ACTIVITY.
A faithful copy is needed of the lines below from the one with "CJ시큐리티 홈페이지상 염00" up to and including the one with "Get A Statement"; set it down with no pictures and no other lines.

RECORDS FOR THIS TASK.
..........

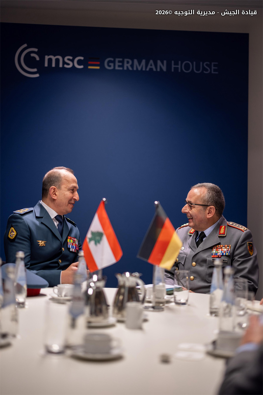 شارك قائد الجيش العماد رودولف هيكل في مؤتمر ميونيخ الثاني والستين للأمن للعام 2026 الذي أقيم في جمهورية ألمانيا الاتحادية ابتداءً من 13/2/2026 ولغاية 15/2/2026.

..........

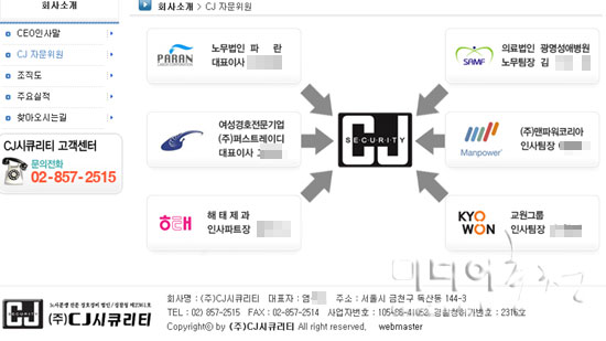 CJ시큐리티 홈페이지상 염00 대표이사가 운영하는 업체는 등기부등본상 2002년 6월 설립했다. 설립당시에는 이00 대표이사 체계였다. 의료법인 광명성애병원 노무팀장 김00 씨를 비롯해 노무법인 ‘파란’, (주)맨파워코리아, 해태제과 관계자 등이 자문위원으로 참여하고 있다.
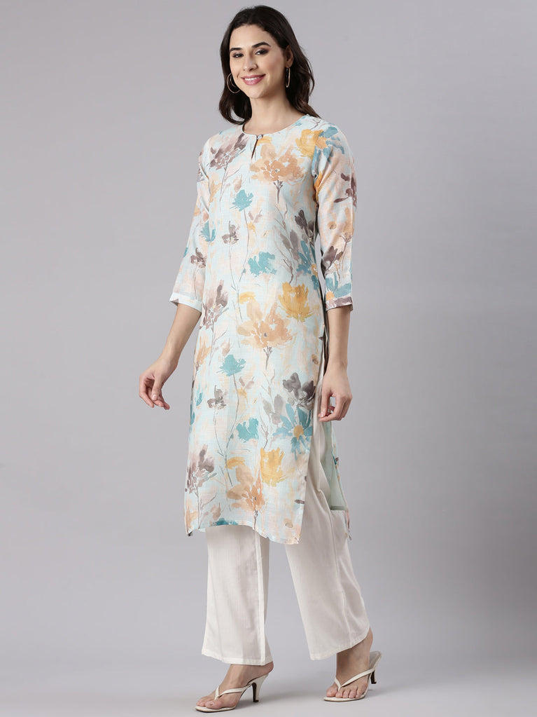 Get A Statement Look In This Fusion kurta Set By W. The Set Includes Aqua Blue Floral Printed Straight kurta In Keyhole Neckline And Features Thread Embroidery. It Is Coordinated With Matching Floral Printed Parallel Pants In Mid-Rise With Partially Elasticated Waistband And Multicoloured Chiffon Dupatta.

..........

RESULT OF THIS EXERCISE.
 CJ시큐리티 홈페이지상 염00 대표이사가 운영하는 업체는 등기부등본상 2002년 6월 설립했다. 설립당시에는 이00 대표이사 체계였다. 의료법인 광명성애병원 노무팀장 김00 씨를 비롯해 노무법인 ‘파란’, (주)맨파워코리아, 해태제과 관계자 등이 자문위원으로 참여하고 있다.
 Get A Statement Look In This Fusion kurta Set By W. The Set Includes Aqua Blue Floral Printed Straight kurta In Keyhole Neckline And Features Thread Embroidery. It Is Coordinated With Matching Floral Printed Parallel Pants In Mid-Rise With Partially Elasticated Waistband And Multicoloured Chiffon Dupatta.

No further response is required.